Reputation: 1
I am using R for data manipulation. I have a very long list of names that looks like this:
"names"
[1] ""
[2] "Victoria Marie"
[3] "Ori Mann"
[4] "Lina Pearl Right"
[5] "David Berg"
[6] "Anthony Lee"
[7] "Brian Michael Ingraham"
[8] "Jay Ling"
I want to extract only the first and last names of the whole list into new columns and discard any middle names. How do I do this? I used the following code:
mat = matrix(unlist(names), ncol=2, byrow=TRUE)
this just runs through all the names in each entry and throws all them into columns in order.
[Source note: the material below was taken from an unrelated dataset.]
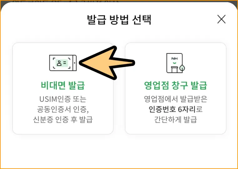 - 발급하기 ▶ 비대면 발급 ▶ USIM 본인 인증 ▶ 통신사선택, 번호 입력, 전체 동의 체크
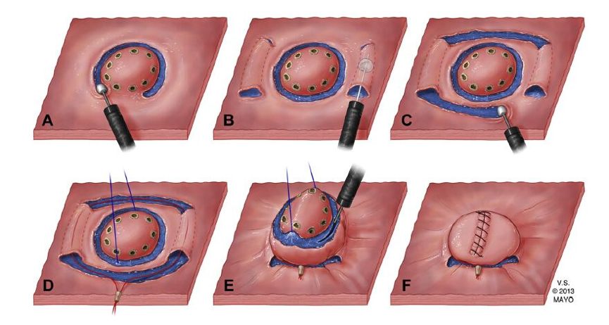 ►图4 胃镜下切除早期胃癌(来源:Mayo Clinic)

Any help would be greatly appreciated.
Upvotes: 0
Views: 2511
Reputation: 5335
Here's a way to do this in base R that also deals with the possibility of suffixes. If you discover additional suffixes (e.g., 'II'), you can add them to the vector that follows %in%
.
# some representative data
names <- list("", "Ed Smith", "Jennifer Jason Leigh", "Ed Begley, Jr.")
# use strsplit to get a list of vectors of each name broken into its parts,
# keying off the space between names
names.split <- strsplit(unlist(names), " ")
# make new vectors with the first and last names, based on their position in
# those vectors. for last names, make the result conditional on whether or
# not a recognized suffix is in the last spot, and get rid of any
# punctuation attached to the last name if there was a suffix.
name.first <- sapply(names.split, function(x) x[1])
name.last <- sapply(names.split, function(x)
# this deals with empty name slots in your original list, returning NA
if(length(x) == 0) {
NA
# now check for a suffix; if one is there, use the penultimate item
# after stripping it of any punctuation
} else if (x[length(x)] %in% c("Jr.", "Jr", "Sr.", "Sr")) {
gsub("[[:punct:]]", "", x[length(x) - 1])
} else {
x[length(x)]
})
Results:
> name.first
[1] NA "Ed" "Jennifer" "Ed"
> name.last
[1] NA "Smith" "Leigh" "Begley"
Upvotes: 2